Niente schiamazzo classico dell'uscita di scuola, nessun bambino che gioca, mamme a distanza tutte con le mascherine intrattengono giusto una breve conversazione e poi via a casa

La paura ha fermato molte mamme siracusane che, questa mattina, non hanno mandato i propri figli a scuola. Cominciano così le due settimane di zona rossa per gli istituti della città che resteranno aperti fino alla prima media, mentre per gli altri continua la didattica a distanza. Tra preoccupazione e fiducia, il comune denominatore che accomuna i genitori è uno: la scuola in presenza è molto più istruttiva. Questa mattina, nonostante questo principio fisso, in qualche istituto la carenza di studenti si è avvertita tra sedie rimaste sotto i tavoli e corridoi vuoti. Non solo, ma tra i genitori che hanno deciso di accompagnare i proprio bimbi a scuola, ci sono pareri e sentimenti discordanti: c’è infatti chi ha sposato la scelta della scuola in presenza perchè convinto e sicuro che gli istituti scolastici non siano luoghi di contagio, ma dall’altro lato c’è una grossa fetta di mamme e papà che hanno lasciato il proprio figlio davanti il cancello a malincuore.

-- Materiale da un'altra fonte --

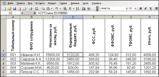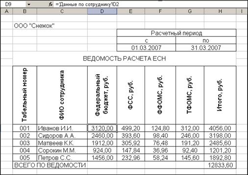 3. Организовать межтабличные связи для автоматического формирования ведомости расчета ЕСН (единого социального налога ) по предприятию.
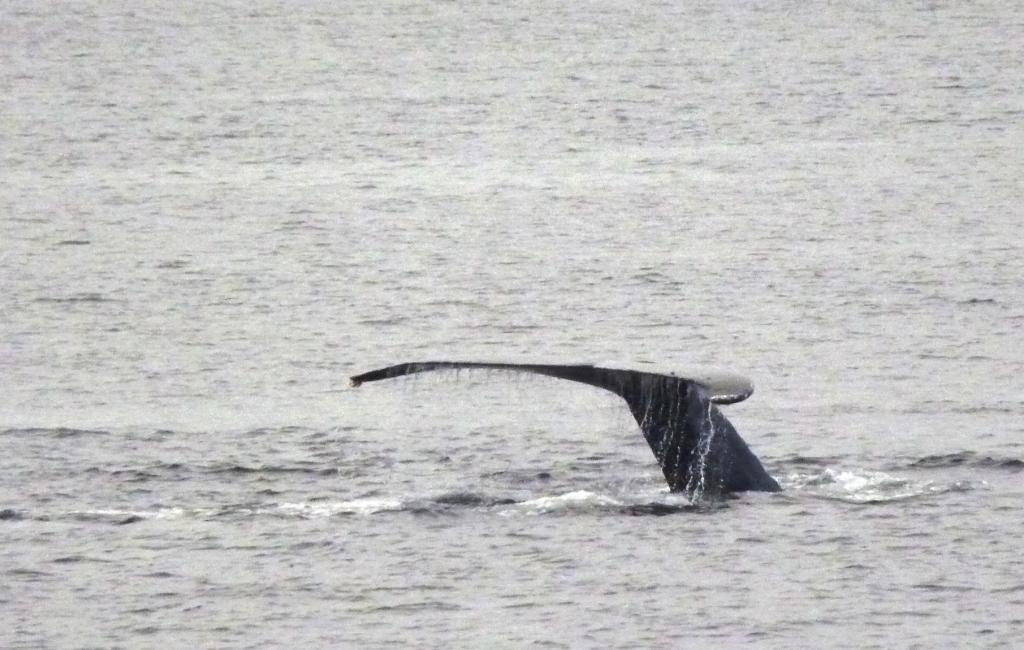 Passengers watch several whales arch their backs, show their tails and dive. Captain Dunlap asks everyone to keep their eyes open.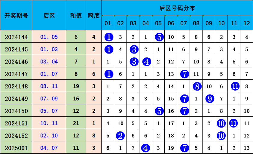上期后区号码为04号和07号,为小大偶奇组合,近10期后区号码大小总比值10:10,近10期后区号码奇偶总比值14:6,奇数号码走势较热,本期预计奇奇组合,后区两码关注05 09。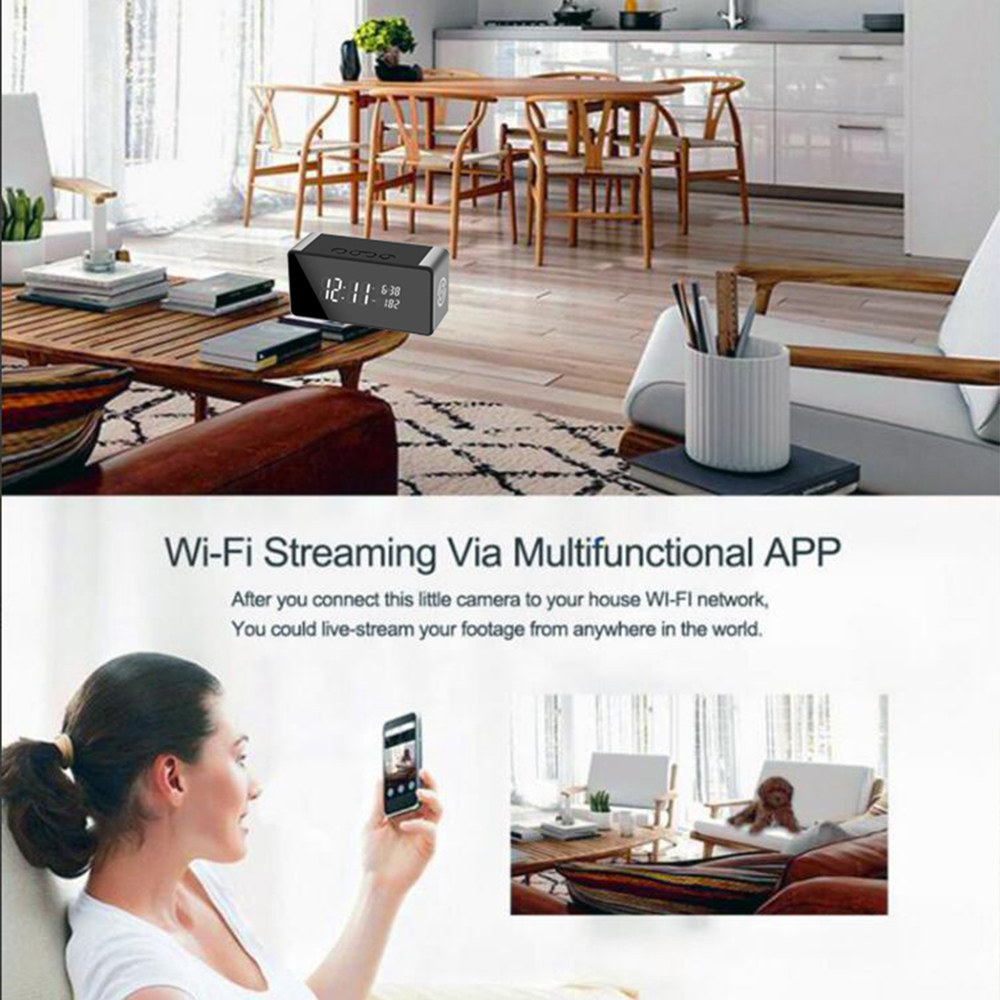 Original Wifi Electronic Clock Camera 4K/1080P Hidden Wireless Micro Camera Infrared Night Vision Digital Clock Remote Monitoring Motion Detection 1600mAh Monitoring Camera Support 128G TF Card

Ma oggi i cancelli erano aperti, e qualcuna di loro ha preso di buon grado la volontà del Governo di far tornare gli alunni tra i banchi. Vero è che, forse complici anche gli orari scaglionati di entrata e uscita, l’atmosfera dietro i cancelli non era quella di sempre. Non si sentivano gli schiamazzi classici dell’uscita di scuola, non c’erano bambini che giocavano, mamme che, coperte dalle mascherine, si tenevano tutte a debita distanza, ma solo per pochi minuti, giusto il tempo di scambiare due chiacchiere e poi via a casa. Dispositivi di protezione anche per i bambini che, visibilmente confusi, corrono verso le mamme tra un berretto di lana che copre fino a sopra gli occhi e la mascherina che arriva sopra il naso. Quest’ultima non è certo una novità, ma con le basse temperature e la pioggia i bimbi sembrano quasi irriconoscibili coperti dalla testa ai piedi.

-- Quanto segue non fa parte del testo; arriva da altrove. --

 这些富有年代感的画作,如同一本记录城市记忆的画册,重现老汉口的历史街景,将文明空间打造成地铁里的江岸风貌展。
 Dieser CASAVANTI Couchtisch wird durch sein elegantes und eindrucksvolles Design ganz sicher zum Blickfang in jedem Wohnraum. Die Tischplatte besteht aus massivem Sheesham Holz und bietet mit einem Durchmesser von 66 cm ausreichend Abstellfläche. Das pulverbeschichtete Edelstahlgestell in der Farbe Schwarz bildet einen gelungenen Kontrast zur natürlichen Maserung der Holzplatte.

“Era meglio continuare in Dad” – dice un genitore ai microfoni di Siracusanews. “Sì, ma in Dad i ragazzi non imparano niente” – risponde un altro.

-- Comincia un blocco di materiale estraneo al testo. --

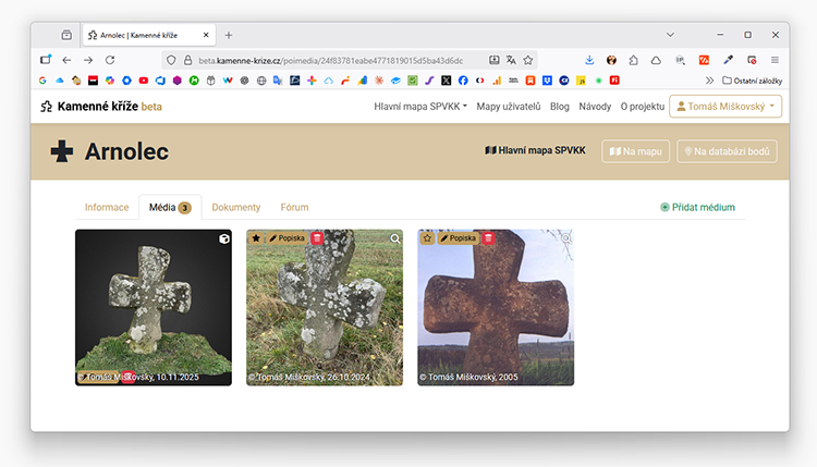 - na záložce Média jsou soustředěny všechny fotografie, 3D modely a videa uložená k dotyčnému bodu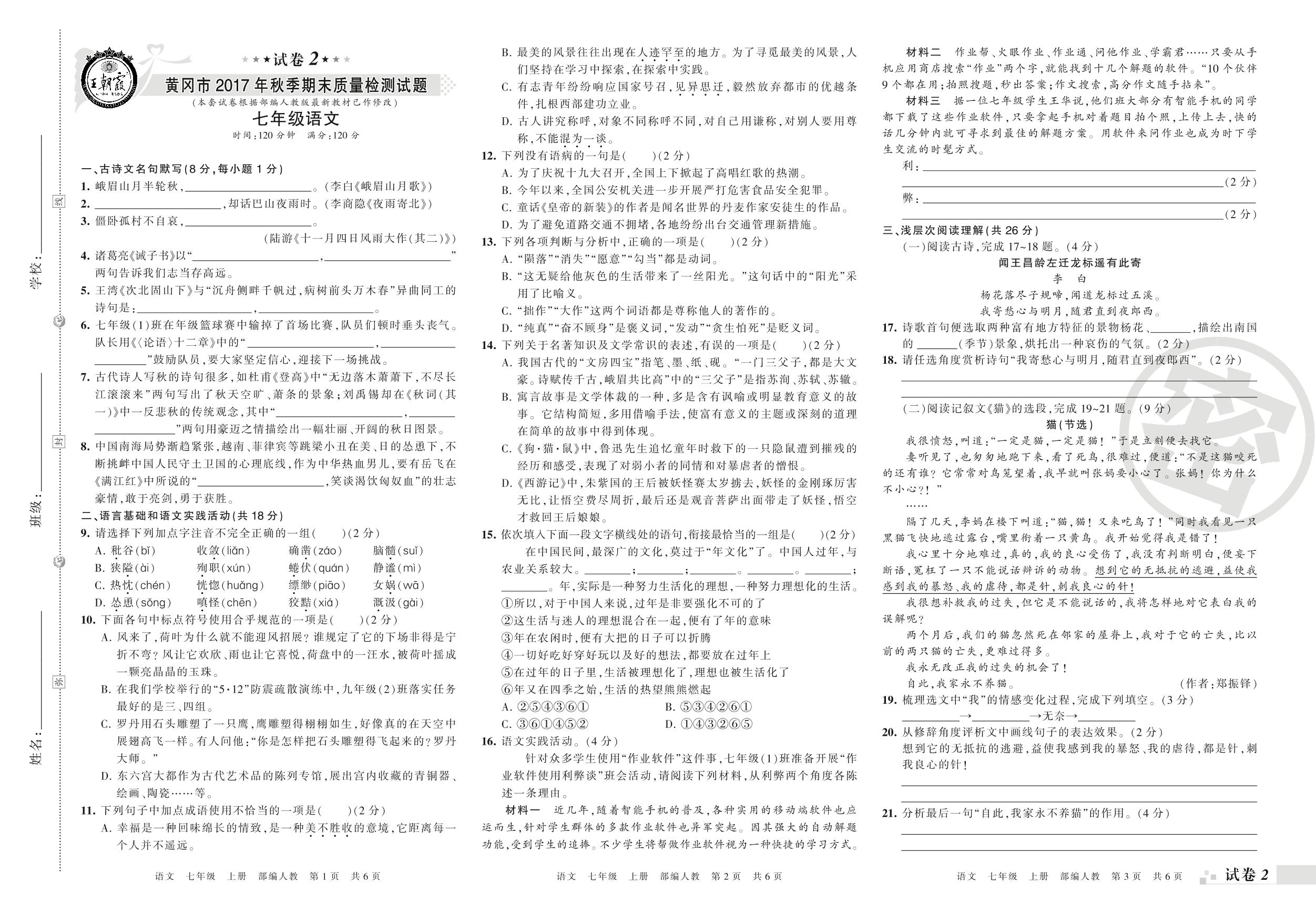 2017-2018学年第一学期黄冈市七年级语文试卷(人教版)【2】

Nonostante tutto, però, le scuole rimarranno aperte e i dirigenti scolastici stanno cercando di fare di tutto per mettere gli istituti in sicurezza. Una cosa colpisce di questo primo strano giorno di scuola in zona rossa: quel bambino che al suono della campanella corre verso la mamma come se giocasse a mosca cieca coperto (quasi interamente) da mascherina, sciarpa e cappello. Eh certo, oggi un raffreddore potrebbe essere un vero e proprio problema. Ieri, e si spera anche domani, l’uscita di scuola era e forse sarà un momento di festa.